I have been considering the use of the RBF interpolation implementation but while it works correctly its extremely slow. Is this a known issue or do I perhaps need to take some special considerations when compiling or setting up things? I am using it for a 3D interpolation with about 16000 points which I would say is not an extremely large problem and I am using the linear kernel which should be the fastest mode.

The RBF implementation in this library relies on a "direct" linear system solving, which is done by LU decomposition and takes more than O(n^2). Having 16,000 points means the size of the linear system is 16,000, which is infeasible for the direct approach.

https://yuki-koyama.github.io/mathtoolbox/rbf-interpolation/

This issue is well known, and [Carr et al. 2001] also pointed it out at the end of Section 3. Such large problems need an approximation approach; e.g., [Carr et al. 2001] uses the Fast Multipole Method (FMM), which takes only O(N log N) to solve the system.

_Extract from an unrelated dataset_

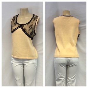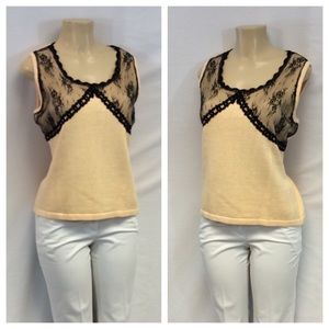STORYBOOK KIDS Lovely Sweater NWT, with lace bodice, Size M, 55% ramie, 45% cotton, exclusive of trimmings, hand wash. Approximate measurements are 21" bust laying flat, 23" shoulder to hem. 0292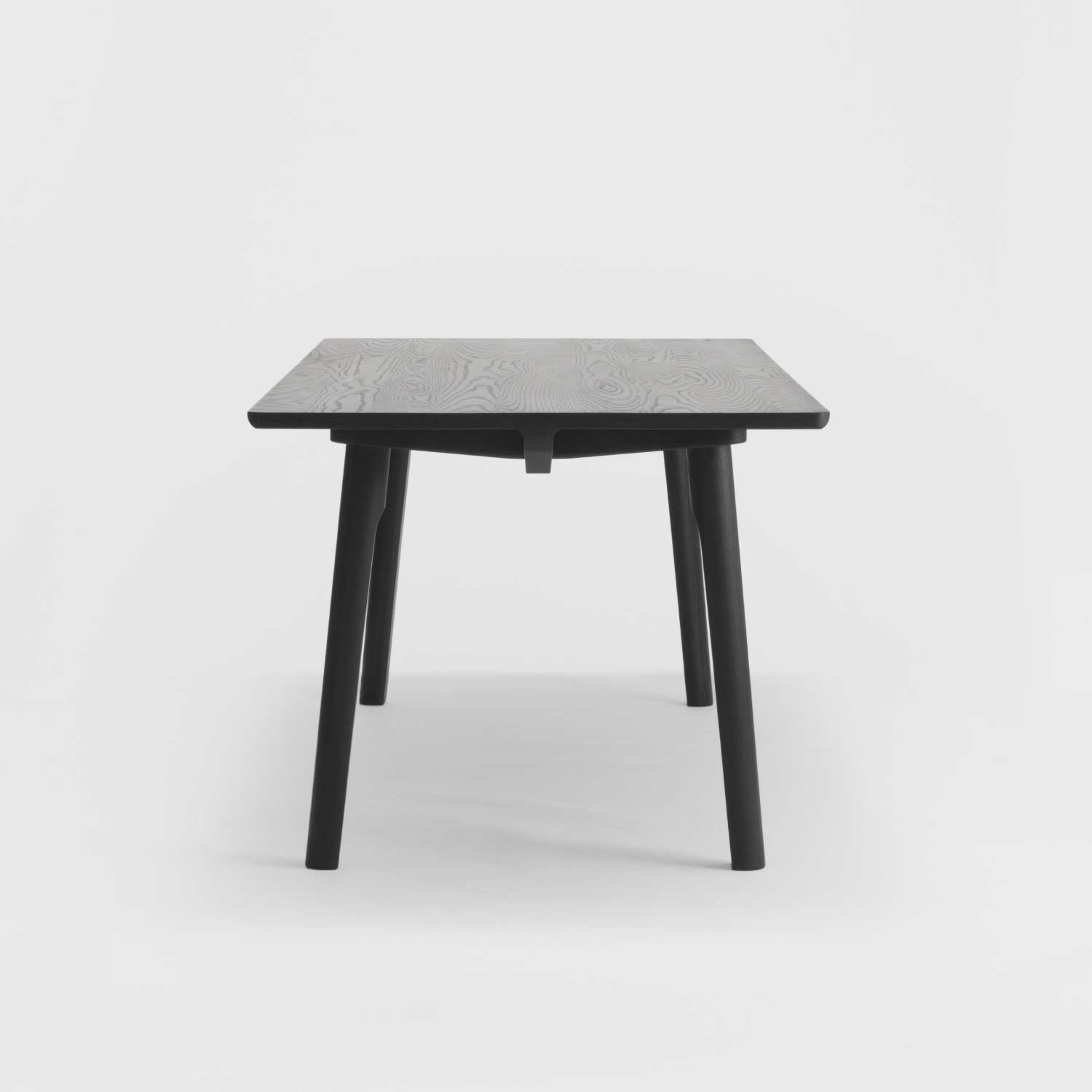 テーブル下にのぞく「梁」は、天板と一体となってそのまま脚へとつながる構造。普段はあまり意識されない部分ですが、このテーブルの見どころのひとつです。

[Carr et al. 2001]: Reconstruction and representation of 3D objects with radial basis functions. https://dl.acm.org/doi/abs/10.1145/383259.383266

Thanks for the fast reply! I probably should have been a bit more specific. The use of the LU decomposition approach would naturally affect the speed of the construction of the interpolation model but not of a query on it. While the construction may take a bit that's fine for me as it only needs to be done once. The slow part that is actually becoming a bottleneck for me is when I make a query for an output, i.e. use CalcValue(x) which I think is essentially involves vector matrix multiplications.

Thanks for the clarification. CalcValue(x) takes O(N), so the more data points you have, the longer it takes.

I just updated CalcValue(x) in #74, which makes it roughly 5x times faster than before (I measured the performance with 2000 data points with 1000 evaluations).

If further performance is necessary, a possible solution would be to use the technique described in Section 5 of [Carr et al. 2001]. It is about a data point reduction; the reduction itself takes much extra time, but once the reduction is done, the interpolated value calculation will be drastically faster. Hope this helps you.

Thank you so much! I will try it out and see how it performs for my case.